Embora a necessidade de elaboração do plano municipal de educação tenha sido determinada pelo CEE como uma das condições para a instituição dos sistemas de ensino, a análise das legislações municipais que instituíram os sistemas próprios no âmbito da RMC revelou distintos tratamentos à temática.

As leis de criação dos sistemas municipais de Americana e Hortolândia não previram a elaboração do PME. Este fato apresenta-se como preocupante, pois, conforme adverte Saviani (1999, p. 131), “do ponto de vista da eficácia das ações do poder público municipal, resulta imperativo que as mesmas sejam planejadas”, sobretudo nos municípios que se organizaram como um sistema próprio de ensino.

De outro modo, as leis de Artur Nogueira (Artigo 3º, XII), Cosmópolis (Artigo 30, V), Engenheiro Coelho (Artigo 3º, XII), Indaiatuba (Artigo 3º, XIII), Itatiba (Artigo 3º, XIII), Santa Bárbara D’Oeste (Artigo 3º, IV), Santo Antonio de Posse (Artigo 3º, XIII) e Valinhos (Artigo 3º, XI) estabeleceram a elaboração do plano municipal como um dos objetivos a serem perseguidos por seus respectivos sistemas de ensino.

Campinas (Artigo 6º), por sua vez, considera a elaboração de lei específica para o estabelecimento da Conferência Municipal de Educação bem como do Plano Municipal de Educação.

No que diz respeito aos objetivos do PME, foi recorrente a reprodução do texto constante no Artigo 214 da CF de 1988, ainda que tenham sido observadas algumas supressões e/ou acréscimos na redação da lei municipal. Assim, as leis de Artur Nogueira, Engenheiro Coelho, Indaiatuba e Itatiba reproduziram os cinco primeiros incisos do texto constitucional e acrescentaram a “valorização do professor” como um dos objetivos de seus respectivos planos. A Lei de Santo Antônio de Posse também incorporou o mesmo inciso, no entanto, restringiu a valorização ao docente da rede pública municipal de ensino. A Lei de Valinhos inovou em relação às demais, uma vez que ampliou a valorização aos profissionais do quadro do magistério e de apoio escolar.

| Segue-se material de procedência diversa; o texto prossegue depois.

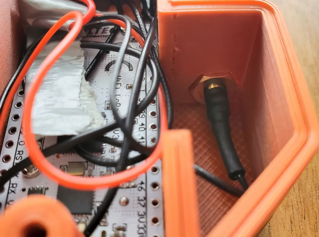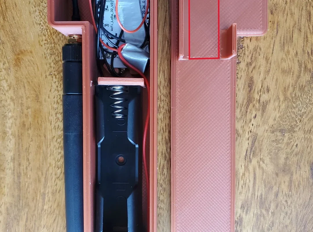 В данном случае область за heltec V3 — это место, где можно хранить спутанные провода, просто убедитесь, что при установке задней панели провода находятся внутри вертикальных опор на задней панели. Для наглядности я обозначил это место красным прямоугольником на фотографии. Вертикальные опоры на задней панели удерживают heltec на месте, поэтому не следует допускать защемления проводов между ними и heltec.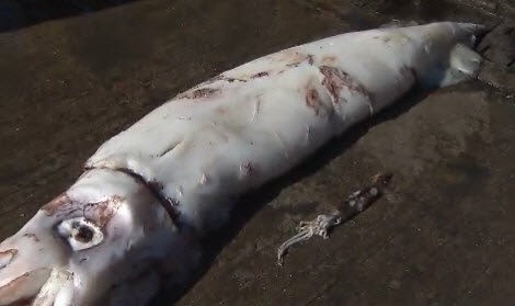 일반 오징어와 비교해도 이 대왕 오징어는 길어와 두께 모두에서 확연히 큰 것을 알 수 있다.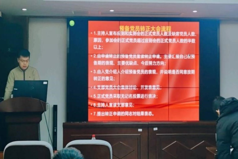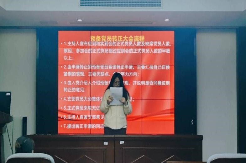 会议最后,支部大会宣布通过了预备党员转正的决议。支部书记郑繁简同志对三位预备党员如期转正表示祝贺,并对其表示殷切期望:各位党员同志要践行初心,担当使命,用实际行动践行入党誓言,为党和人民贡献自己的力量。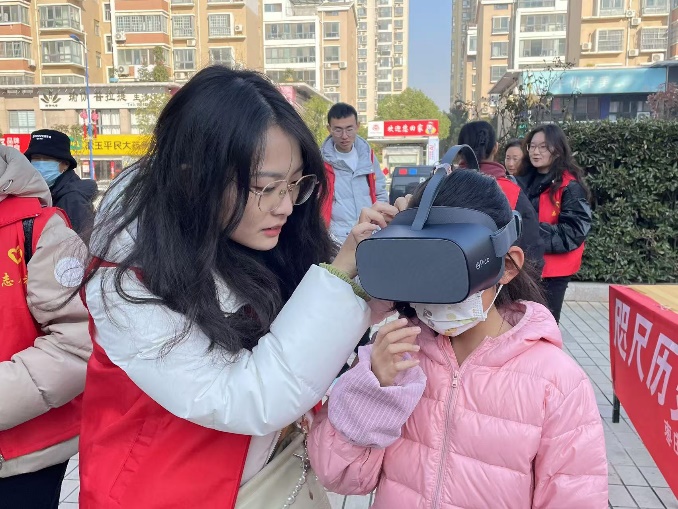 活动中,学院创新使用VR眼镜,给社区居民尤其是青少年和老年人带来一场新奇生动的爱国主义教育。活动现场,志愿者们耐心地向居民们介绍VR眼镜的功能和使用方法,并帮助居民们调试、佩戴好眼镜,引导居民体验VR眼镜。通过沉浸式虚拟体验,居民们身临其境,或置身于著名历史博物馆,或行走在硝烟弥漫的革命战场,或亲眼目睹先进军事装备,深刻感悟着爱国主义精神的具体要义。居民们纷纷向志愿者表达参与本次活动的感受,他们在感叹科技发展、VR技术带来真实体验的同时,也传达了自身对爱国主义精神的理解以及发扬、传承爱国主义精神的决心。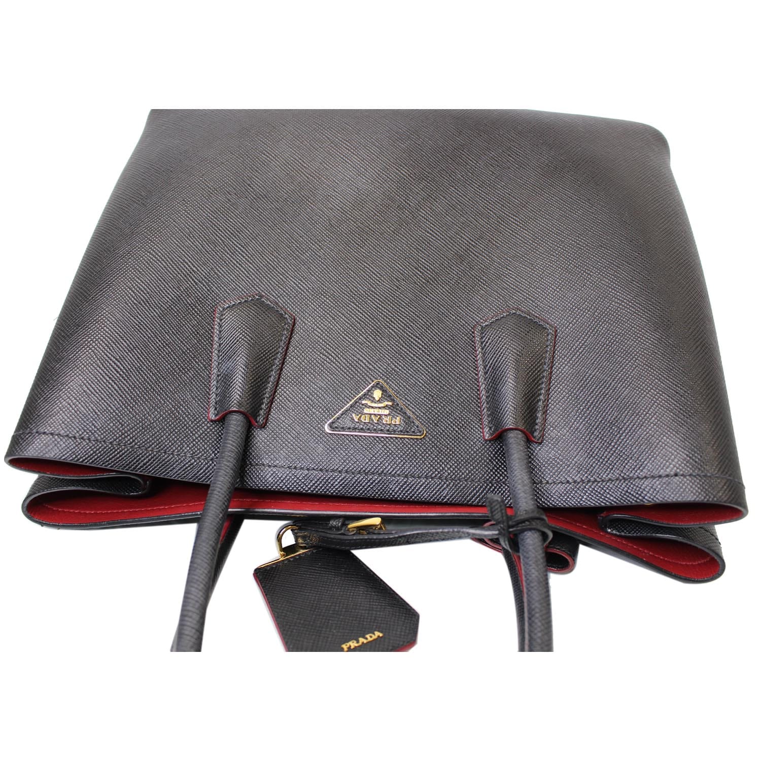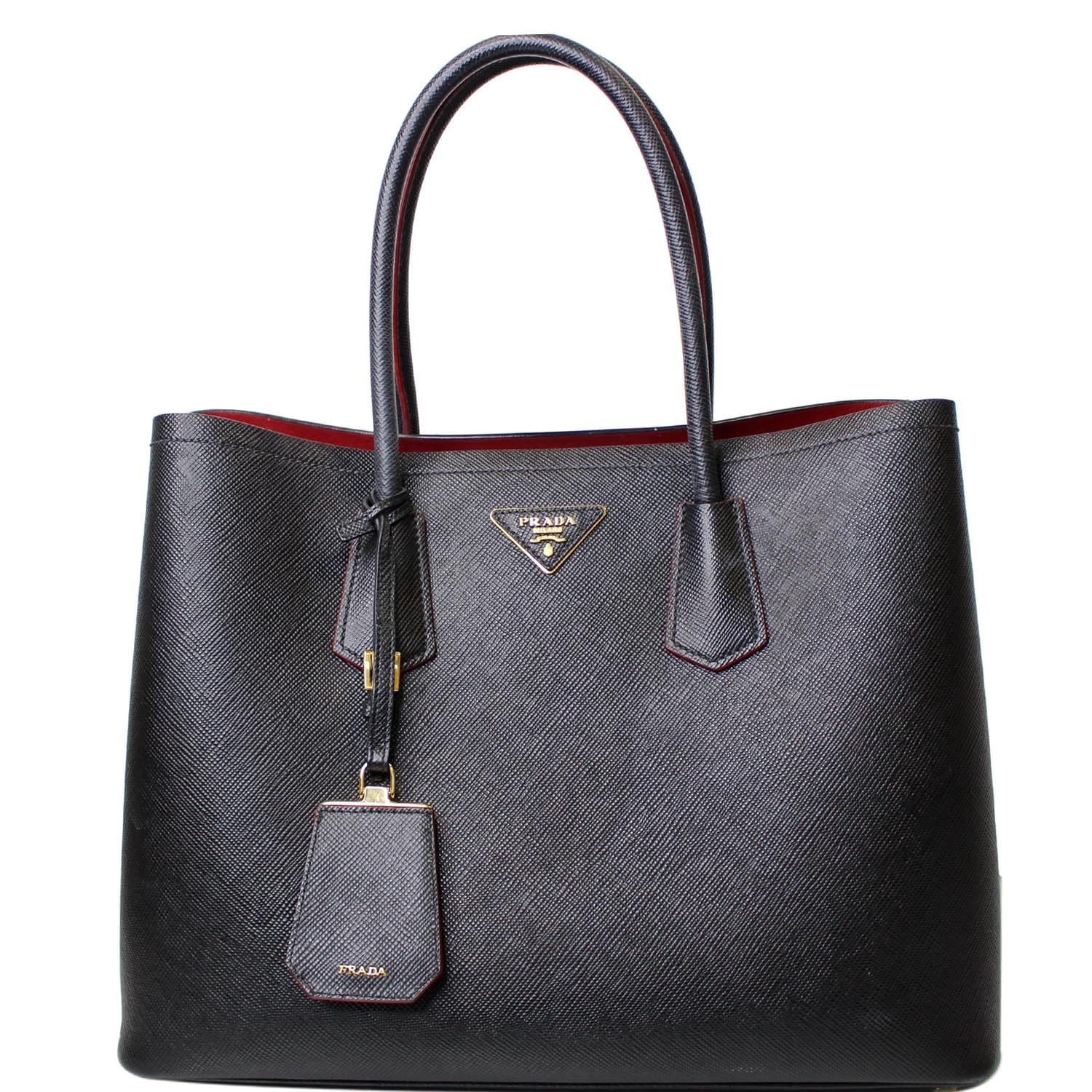 PRADA Double Handle Saffiano Leather Tote Bag Black

À luz do exposto, pode-se afirmar que o empenho dos entes subnacionais da RMC em organizar seus sistemas de ensino coaduna-se com os esforços para a elaboração dos seus respectivos planos de educação. O desejo é que tais medidas possam contribuir, de fato, para a efetivação do direito à educação integral possibilitando um ensino de qualidade às pessoas domiciliadas nos municípios analisados.

Considerando que os municípios da RMC que instituíram sistemas próprios de ensino elaboraram seus respectivos planos de educação para o decênio 2015-2025, passamos a investigar, no próximo capítulo deste trabalho, a configuração do direito à educação integral nesses documentos.